Условно говоря, Юра был мой учитель. Он научил меня различать поименно птиц («щур — это тебе не клест»), звезды и созвездия (подаренный им «Атлас звездного неба» храню как оберег), а также самые не заласканные вниманием полевые цветы и травы. Скромная моя книга «Снегирь» (1980) всей собою — включая название — обязана Ковалю. Он, как вожатый, водил меня по заснеженным лугам и полям дальнего Подмосковья и вслух, как школьный преподаватель естествознания — занимаясь с двоечниками, распутывал следы: ласки ли, крота, зайца, лисицы. Это были его личные иероглифы и его персональные охранные знаки.
«Со мной гулять — это тебе не Брема читать», — говаривал Юра, сугубых теоретиков природы недолюбливая.

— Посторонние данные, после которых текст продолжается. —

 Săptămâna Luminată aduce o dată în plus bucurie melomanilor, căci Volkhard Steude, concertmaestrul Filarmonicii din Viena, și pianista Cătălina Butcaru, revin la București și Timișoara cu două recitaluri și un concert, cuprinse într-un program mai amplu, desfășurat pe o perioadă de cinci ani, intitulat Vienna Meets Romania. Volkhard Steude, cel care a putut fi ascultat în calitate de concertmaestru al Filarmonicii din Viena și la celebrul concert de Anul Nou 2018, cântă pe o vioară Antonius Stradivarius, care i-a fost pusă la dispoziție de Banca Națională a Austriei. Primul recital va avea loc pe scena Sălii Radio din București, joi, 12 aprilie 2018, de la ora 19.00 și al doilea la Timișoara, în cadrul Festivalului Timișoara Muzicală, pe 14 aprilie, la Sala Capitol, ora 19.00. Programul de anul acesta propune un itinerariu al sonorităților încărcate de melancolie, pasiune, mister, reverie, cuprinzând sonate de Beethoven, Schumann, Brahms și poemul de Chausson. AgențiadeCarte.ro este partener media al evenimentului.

Показал мне Юра и Вологодчину — город Кириллов, и знаменитый монастырь на берегу Белого озера, и Цыпину Гору, и — как ловить раков, вязать веники, стругать лучину, сидеть под северороссийским, густо-желудевым дубом, играя на гитаре песни Брассанса в собственном (нашем совместном) переводе, и как носить ватник и сапоги из местного сельпо с немотивированно щегольским достоинством.

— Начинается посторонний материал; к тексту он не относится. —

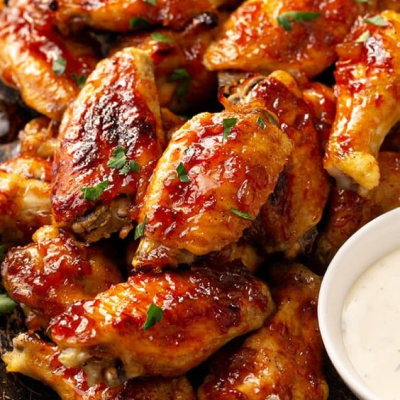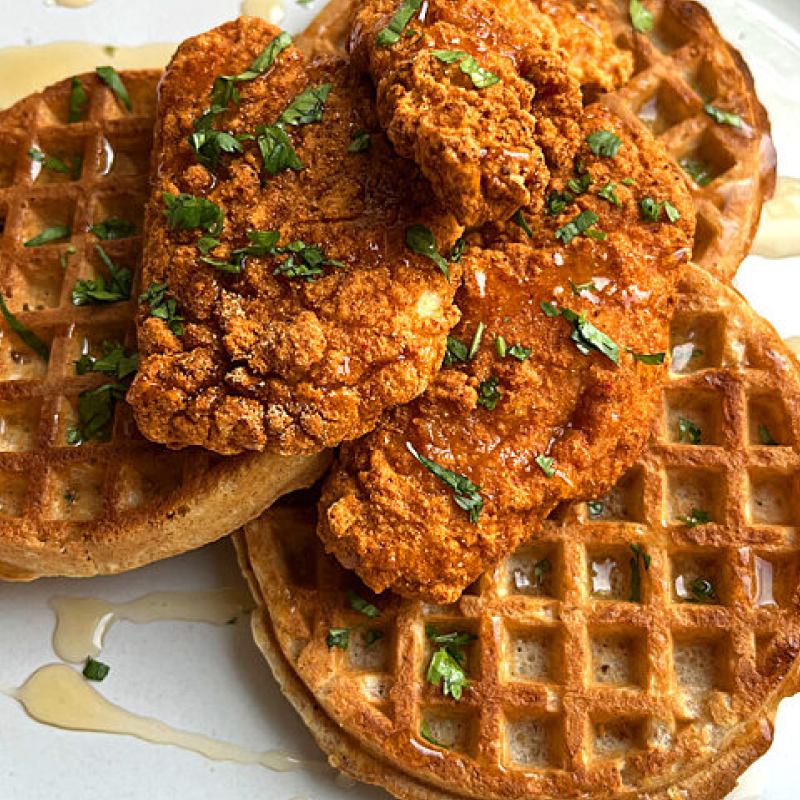 Chocolate/buttermilk waffles, crispy chicken, baked beans, scrambled eggs, dipping sauce and syrup

Юрий Коваль — это на моем веку единственный человек, с полной ненатужной органикой соединивший городское и сельское начала, европейское и скифское, цивилизованное и корневое, Улисса и Садко.
«Б одну телегу впрячь сумел ты коня и трепетную дурь», — скажуятак, помня, что Юра всегда одобрял, когда при нем изъяснялись своими и чужими стихами.

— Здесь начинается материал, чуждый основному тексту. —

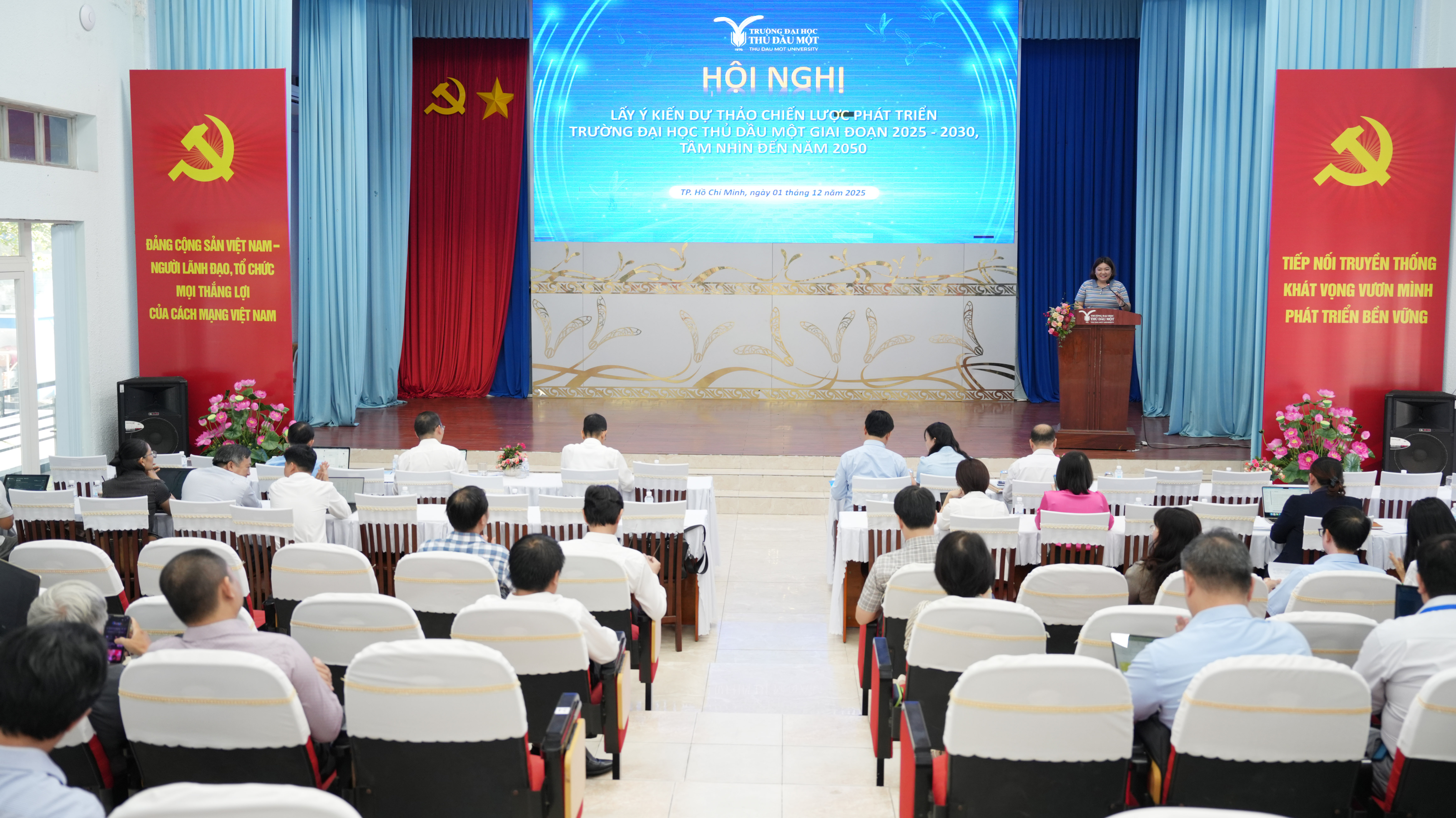 Ngày 01/12/2025, Trường Đại học Thủ Dầu Một tổ chức hội nghị lấy ý kiến dự thảo Chiến lược phát triển Trường Đại học Thủ Dầu Một đến năm 2030, tầm nhìn đến năm 2050

В марте 1979 года Юра прислал мне очень длинное письмо — дневник нескольких дней — из Пицунды, где он работал над «Самой легкой лодкой в мире», и работа шла вдохновенно, однако со скрипом. То ли с вдохновенным скрипом, то ли со скрипучим вдохновением.
«Устал я и от усталости и по привычке выпил немного чачи, — записывает он ночью. — (Я не умею писать букву „Ч“,у меня получается то „Г“, то „Ч“.) Получается вместо „чачи“ — „гаги“. Короче, я выпил немного коньков и вошел в ритм прежнего повествования».
Пролетело несколько дней, и Юра пишет:
«С литературой моей неважно, топчусь. Конечно, я написал нечто, но мало, мало.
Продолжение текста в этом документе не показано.